Scan each line of the records for the word "this" and extract the ones that have it.

START Data supplied

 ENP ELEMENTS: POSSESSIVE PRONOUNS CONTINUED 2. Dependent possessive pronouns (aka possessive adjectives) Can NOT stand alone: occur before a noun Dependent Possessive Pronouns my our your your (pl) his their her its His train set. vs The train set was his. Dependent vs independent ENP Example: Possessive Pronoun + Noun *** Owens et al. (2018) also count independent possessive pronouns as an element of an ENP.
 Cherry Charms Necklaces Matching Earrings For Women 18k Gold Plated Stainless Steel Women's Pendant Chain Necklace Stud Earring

END Data supplied
START Data supplied

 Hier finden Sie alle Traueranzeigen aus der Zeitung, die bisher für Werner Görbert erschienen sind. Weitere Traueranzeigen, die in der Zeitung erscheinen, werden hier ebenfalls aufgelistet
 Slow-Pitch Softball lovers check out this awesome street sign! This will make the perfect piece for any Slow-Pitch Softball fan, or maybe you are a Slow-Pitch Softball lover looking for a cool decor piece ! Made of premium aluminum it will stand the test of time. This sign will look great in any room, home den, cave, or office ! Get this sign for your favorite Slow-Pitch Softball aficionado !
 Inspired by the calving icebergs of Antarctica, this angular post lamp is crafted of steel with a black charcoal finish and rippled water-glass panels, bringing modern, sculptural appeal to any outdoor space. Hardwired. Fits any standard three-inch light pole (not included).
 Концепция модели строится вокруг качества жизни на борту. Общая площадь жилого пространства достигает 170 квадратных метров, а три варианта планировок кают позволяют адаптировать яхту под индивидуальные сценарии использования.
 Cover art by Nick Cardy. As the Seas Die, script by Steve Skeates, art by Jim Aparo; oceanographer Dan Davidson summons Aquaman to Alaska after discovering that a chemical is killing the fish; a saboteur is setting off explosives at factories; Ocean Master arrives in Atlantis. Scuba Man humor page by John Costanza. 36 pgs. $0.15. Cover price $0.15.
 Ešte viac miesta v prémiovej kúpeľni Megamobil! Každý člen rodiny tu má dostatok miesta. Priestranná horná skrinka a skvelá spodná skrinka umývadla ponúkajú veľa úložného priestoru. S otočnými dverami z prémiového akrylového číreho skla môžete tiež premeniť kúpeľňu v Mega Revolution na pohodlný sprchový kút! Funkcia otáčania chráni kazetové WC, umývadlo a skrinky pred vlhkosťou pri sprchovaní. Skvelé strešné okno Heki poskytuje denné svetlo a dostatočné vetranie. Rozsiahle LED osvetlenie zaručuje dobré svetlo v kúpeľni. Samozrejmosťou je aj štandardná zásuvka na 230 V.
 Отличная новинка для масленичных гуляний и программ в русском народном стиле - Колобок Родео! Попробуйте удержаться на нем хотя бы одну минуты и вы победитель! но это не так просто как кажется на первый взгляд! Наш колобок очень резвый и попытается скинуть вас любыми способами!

END Data supplied
START Data supplied

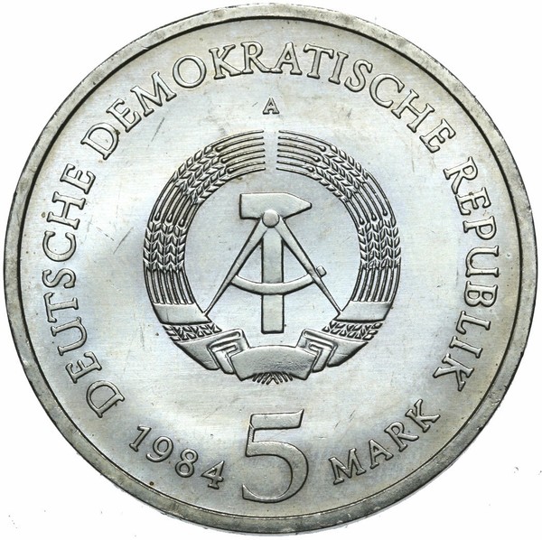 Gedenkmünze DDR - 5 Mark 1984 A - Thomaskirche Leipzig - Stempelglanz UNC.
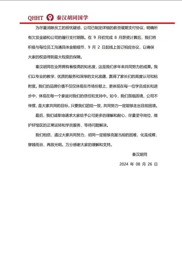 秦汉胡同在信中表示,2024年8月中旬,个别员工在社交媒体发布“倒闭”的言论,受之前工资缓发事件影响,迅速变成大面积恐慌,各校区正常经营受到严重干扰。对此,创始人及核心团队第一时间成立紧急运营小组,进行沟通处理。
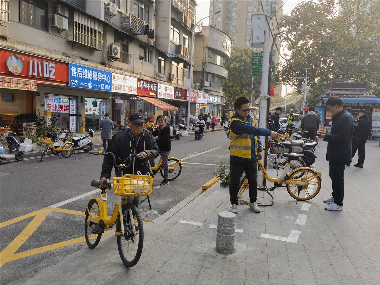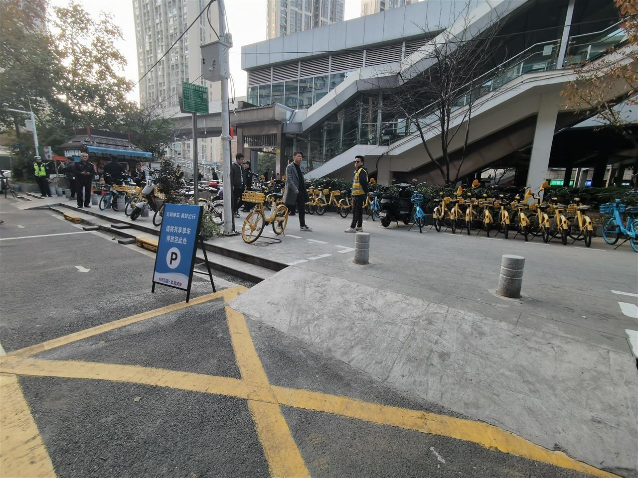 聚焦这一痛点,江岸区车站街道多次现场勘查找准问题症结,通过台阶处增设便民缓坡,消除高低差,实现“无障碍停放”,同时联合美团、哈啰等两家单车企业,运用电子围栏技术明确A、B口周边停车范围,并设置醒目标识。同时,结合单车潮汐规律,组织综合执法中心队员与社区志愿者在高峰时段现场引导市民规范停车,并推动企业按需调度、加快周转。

END Data supplied

- Exercise output
 Slow-Pitch Softball lovers check out this awesome street sign! This will make the perfect piece for any Slow-Pitch Softball fan, or maybe you are a Slow-Pitch Softball lover looking for a cool decor piece ! Made of premium aluminum it will stand the test of time. This sign will look great in any room, home den, cave, or office ! Get this sign for your favorite Slow-Pitch Softball aficionado !
 Inspired by the calving icebergs of Antarctica, this angular post lamp is crafted of steel with a black charcoal finish and rippled water-glass panels, bringing modern, sculptural appeal to any outdoor space. Hardwired. Fits any standard three-inch light pole (not included).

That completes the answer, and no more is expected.